Data collection and processing statistics. The numbers in parentheses correspond to the values in the highest resolution shell.
| tGBS80N2N3 | CaGBS80N2N3 | NaI-GBS80N2N3 | |
|---|---|---|---|
| Resolution range (Å) | 40-1.8 (1.86-1.8) | 40-1.7 (1.76-1.7) | 40-2.1 (2.18-2.1) |
| Space group | P21 | C2 | P21 |
| Unit-cell parameters (a, b, c in Å; p in °) | 69.9, 60.3, 80.4; 101.6 | 130.5, 34.7, 74.6; 93.3 | 34.9, 59.7, 80.8; 101.6 |
| Unique reflections | 60630 | 37173 | 18718 |
| Multiplicity | 2.8 (2.7) | 4.3 (4.1) | 6.5 (6.4) |
| Mean IσI (I) | 9.6 (3.2) | 26.7(6.5) | 20.7(11.2) |
| Completeness (%) | 99.6 (100) | 99.8(100) | 97.7 (95.5) |
| *Rmerge (%) | 6.3 (29.5) | 2.8 (17.1) | 5.4 (12.1) |
Rmerge = ΣhklΣj |I(hkl)i — [I(hkl)]|/ΣhklΣi I(hkl), where I(hkl) are the intensities of symmetry-related reflections and [I(hkl)] is the average intensity over all observations
Figure 2. Tertiary fold of GBS80N2N3.
(a) Anomalous difference Fourier map contoured at the 5σ level for the GBS80N2N3 fragment showing ten iodide sites (magenta) used in the SAD phase calculation. (b)Ribbon representation of the 35 kDa C-terminal major fragment from GBS80, containing two IgG-like domains (N2 and N3). The strands from each domain are colored in rainbow style from red (N-terminus) to violet (C-terminus). The N2 domain displays a DEv-IgG fold/cnaA-type while the N3 domain exhibits an IgG-rev fold/cnaB-type. Both the N2 and N3 domains contain an isopeptide bond, shown as sticks. The two calcium binding sites in the N2 domain are shown in grey. The strands (I1, I2, and I3) of short β-sheet at domain interface and the three helices (H1, H2 and H3) are shown in pink and gray, respectively. (c) Topology diagram of IgG-C, IgG-rev and DEv-IgG folds, with their core β strands labeled A to G in a rainbow style (red to violet) as in Figure 2(b). The horizontal, solid straight line indicates approximate position of the isopeptide bond.

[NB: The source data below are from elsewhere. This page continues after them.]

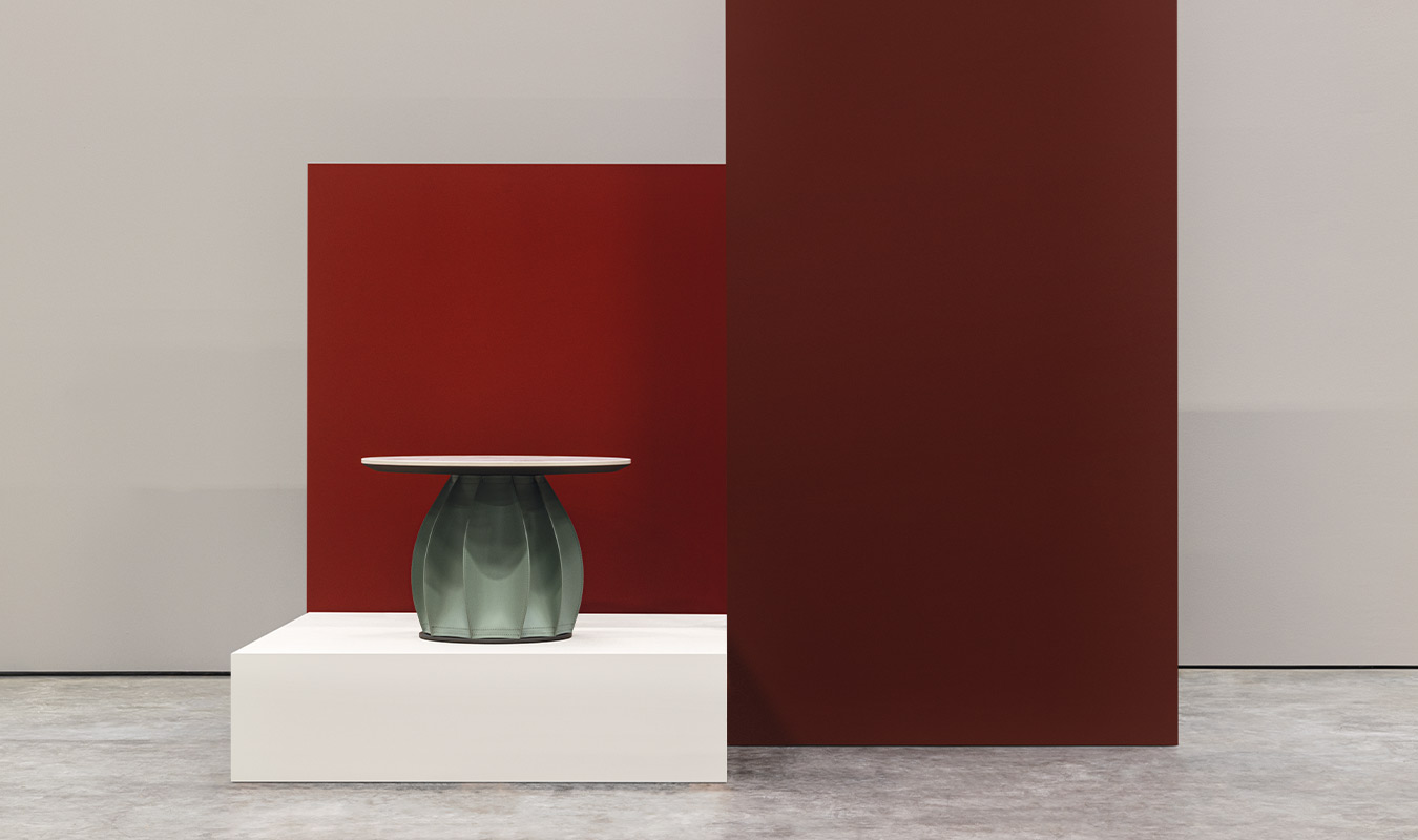 The decorative surface of the side table base is made of Italian leather. The decorative leather is handcrafted and the base is shaped like an elegant and attractive skirt.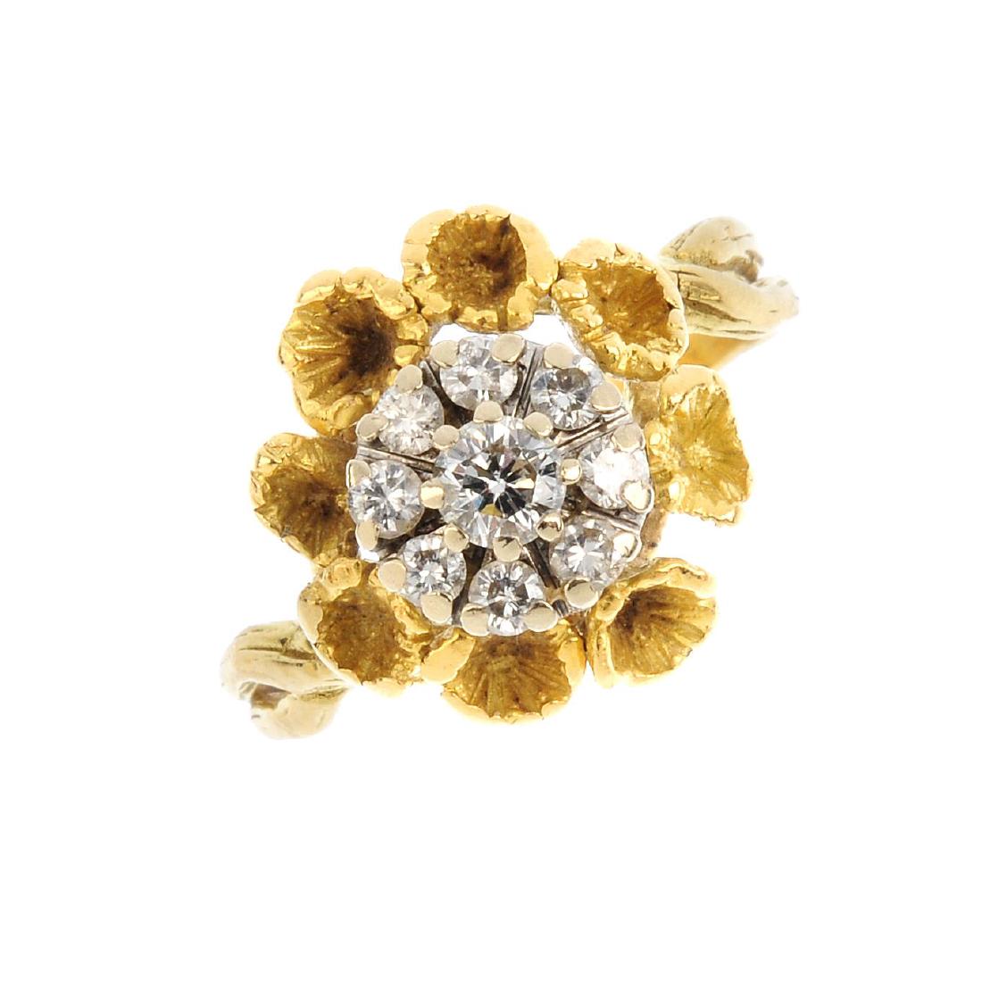 A mid 20th century diamond cluster ring. Designed as a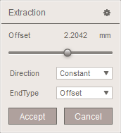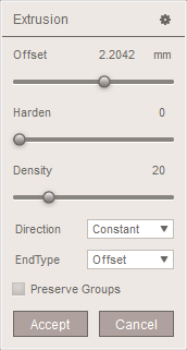 The Extrusion property panel is shown below. The Offset parameter determines how far the extrusion is pushed away from the input surface.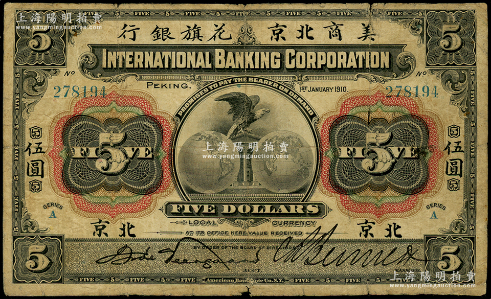 1910年美商北京花旗银行伍圆,北京地名;江南藏家出品,原票七成新

CaGBS80200-518 is folded into two IgG-like domains with two intra-domain isopeptide bonds and two metal-binding sites, and it has an elongated rod shape with dimensions that are approximately 85 × 48 × 38Å (Fig. 2b). We have named the two C-terminal domains N2 and N3 (following the MSCRAMMs and GBS52 conventions) (Fig. 1a and 1b). Flexibility between the two domains is restricted by a short linker and large interface with a buried surface area of 1642 Å2, contributed by approximately 53 contacts (distance < 4Å) including a salt bridge. In addition, inter-domain flexibility is further restricted by the presence of a small, three-stranded (I1, I2, and I3) anti-parallel β-sheet.

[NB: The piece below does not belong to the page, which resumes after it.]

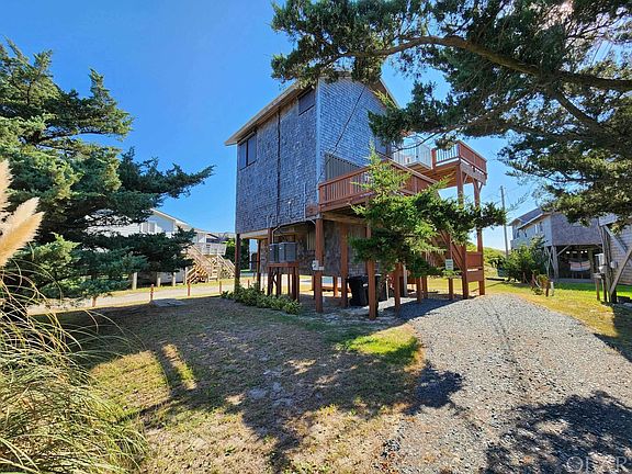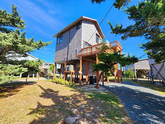 AKA Spyglass is a SEMI OCEANFRONT home located in Avon Village, which offers 2 bedrooms, 1.5 bathrooms, AMAZING OCEAN VIEWS. The Dare County Septic is permitted for 3 bedrooms, and the current owner has investigated the addition of a master suite on the top level. This home has been well loved and meticulously maintained and it shows! Large, elevated storage room could be a bonus/game room if desired. Both bedrooms, Full bathroom and laundry are located on the first level. The top floor is an open concept living room/ kitchen and dining room with beautiful ocean views! Watch the dolphins play from the top deck, as AKA Spyglass has better OCEAN VIEWS than many ocean front properties! Large top level deck. New Flooring throughout the home! The 1,000 lb rated cargo lift goes to every level for luggage and groceries! A few of the amenities include; Hurricane shutters on all windows, RO water filtration on the kitchen sink, central vacuum, Queen sleeper sofa in the living room, 2 central air/ heat pumps – one for each floor, Ceiling Fans in all rooms. AKA Spyglass has been a 2nd home for many years, but would be ideal for a primary residence or investment property as well! A FEW RECENT IMPROVEMENTS: New HVAC heat pump 2021, Refrigerator 3 years, Washer/Dryer 3 years, New Flooring throughout October 2022, New Roof with ice shield 2014, 1000 lb Cargo Lift 2018, New Outside Shower 2022, New Toilet 2022 - 1st level bathroom, All Hurricane Shutters serviced 2022, New Coffee Maker 2022, New Smart TVS 2022, New Gravel private driveway 2022. Schedule your showing today!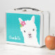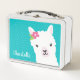 Niedliche weiße Lamaillustration, Blume und aquamariner Polkapunkthintergrundentwurf wird auf diesem kundenspezifischen Kindermittagessenkasten gekennzeichnet. Personifizieren Sie leicht mit einem Namen!

Structure of the N2 domain
The core of the N2 domain (residues 203-380) exhibits a DEv-IgG fold/cnaA-type, previously observed in the S. aureus collagen-binding CNA A-region N2 domain.32 Similar to the ubiquitous IgG-C fold, the DEv-IgG fold of the N2 domain is composed of two β-sheets, where four anti-parallel strands (A, B, E, D) form the β-sheet I. However, the second β-sheet is composed of five strands, the three conserved strands (C, F, G) of the IgG-C fold and additional D’ and D” strands, situated between β strands E and D. These two β-sheets are parallel, with a large hydrophobic interior, and are connected by an inter-sheet isopeptide bond. The loops between D and D’ as well as the D” and E strands are long and extend toward the outer surface of β-sheet I, each hosting two short β-strands and two α-helices, respectively. One of the helices (H2) present in the D”E loop is parallel to strand A and partially covers one of the two metal-binding sites observed in this domain.

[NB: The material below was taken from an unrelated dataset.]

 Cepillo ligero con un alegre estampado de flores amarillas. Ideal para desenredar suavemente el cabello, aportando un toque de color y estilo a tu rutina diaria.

Structure of the N3 domain
The N3 domain (residues 381-518) exhibits an IgG-rev fold/cnaB-type, first observed in collagen-binding S. aureus CNA B-region repeats33 and made of two β-sheets similar to those in the IgG-C fold, though the order of the β strands is different (Fig. 2c). Three connecting loops, B-C, D-E, and F-G, are extended toward the N2 domain and stabilize the domain interface. The BC loop is longer than the other two (DE and FG), containing a helix and a short β strand. It covers the N2-N3 domain interface and the interface between sheets I and II of the N3 domain, while its helix is inserted in the N2-N3 domain interface cleft. The BC loop of the N3 domain and the D”E loop of the N2 domain are placed on opposite sides giving a symmetrical shape to the GBS80N2N3 molecule.
The isopeptide bonds
Two stabilizing isopeptide bonds are identified in the structure of GBS80N2N3, one in the N2 and another in the N3 domain. The presence of continuous electron density between the side chains of respective Lys and Asn residues clearly confirms the existence of two isopeptide bonds (Fig. 3a). In the N2 domain, the isopeptide bond connects two β-sheets and is formed between Lys210 (strand A of β-sheet I) and Asn351 (on a loop leading to the N-terminal end of β-sheet II strand F). The conserved acidic residue Asp250 is found on strand C of sheet II within hydrogen bonding distance to the amide bond. The N2 domain isopeptide bond has cis configuration, allowing its amide hydrogen (NH) and carbonyl oxygen (O) to form bi-dentate hydrogen bonds with the Asp250 side chain carboxyl group (Fig. 3a). Interestingly, the isopeptide-forming Lys210 and its neighbors, Asp209 and Asp211, participate in metal-ion coordination, which probably restricts the environment of Lys210. Moreover, the isopeptide bond is sandwiched between the aromatic residues Trp230 and Phe252 on one side and Phe353 on the other side as well as surrounded by additional hydrophobic residues, Leu232, Val335, Pro376, and Leu256.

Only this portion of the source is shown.